The "Knowledge Singularity" will calcify bias and injustice in an everlasting status quo unless humans, no matter how comparatively deficient, resolve that knowledge is not a philosophical problem to be solved (such as in Karl Popper's Worlds 1, 2, and 3), but a puzzle to be wrestled with and contested in many human forms of life and language (Wittgenstein). Only by addressing human forms of life can we ever address the greater silence and the Life that we have lost in living. What we cannot speak about, we must pass over in silence (Wovon man nicht sprechen kann, darüber muss man schweigen, sentence 7 of the Tractatus) –and that silence, contra both the positivist Vienna Circle and Karl Popper (who was never part of it) is the most important part of human living. In the Tractatus Wittengenstein dreamt, as it were, a conclusive solution to the puzzle of language –but such a solution can only be found in the silence beyond strict logical (or machine) forms: a silence of the religious quest beyond the ethical dilemma (Kierkegaard).

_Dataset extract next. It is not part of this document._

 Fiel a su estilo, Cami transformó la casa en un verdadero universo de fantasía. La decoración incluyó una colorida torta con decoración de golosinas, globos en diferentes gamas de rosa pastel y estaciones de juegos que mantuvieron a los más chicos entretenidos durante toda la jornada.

This journey through my "undiscovered summer reading," from the Antikythera mechanism to the alleged "Knowledge Singularity," has reinforced my daily, functional belief that knowing is truly something that humans do within language and through language, and that the quest which makes human life human is careful attention to the forms of human life, and the way that language, mathematics, and silence are woven into and through those forms. The techno-solutionism inherent in educational technology and library information technology –no matter how sophisticated– cannot undo the basic puzzle of human life: how do we individually and social find the world? (Find: in the sense of locating, of discovering, and of characterizing.) Yewno will not lead to a Knowledge Singularity, but to derived bias and reproduced injustice, unless we acknowledge its limitations within language.

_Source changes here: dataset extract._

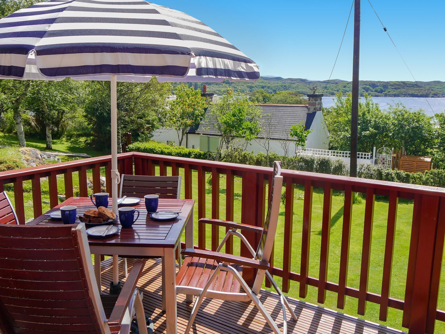 Shower Room: Walk-In Shower, Heated Towel Rail, Toilet. Electric central heating, electricity, bed linen, towels and Wi-Fi included. . Private decked area with garden furniture. Hot tub (private, at cost by direct arrangement with owner). 1-acre grounds with garden furniture (shared with other properties on-site). Bike store (shared with other properties on-site). Private parking for 2 cars. No smoking.. Perched in splendid isolation, Strathan Chalet unfolds its charm in an elevated position, commanding breathtaking panoramas over Lochinver and the rugged coastline. The property, adorned with lovingly chosen furnishings, envelops guests in a cocoon of comfort, ensuring a memorable stay. A thoughtfully equipped kitchen seamlessly integrates with the open plan living space, and patio doors open onto a private decked area where guests can bask in the tranquillity, surrounded by comfortable furniture that invites relaxation against the backdrop of stunning vistas.

The promise of educational and information technology becomes more powerful when approached with modesty: there are no quick, technological solutions to puzzles of education, of finance, of information discovery, of "undiscovered public knowledge." What those of us who are existentially involved with the much-maligned, greatly misunderstood, and routinely dismissed "liberal arts" can contribute is exactly what makes those technologies humane: a sense of modesty, proportion, generosity, and silence. Even to remember those at this present moment is a profoundly counter-cultural act, a resistance of the techno-idology of unconscious bias and entrenched injustice.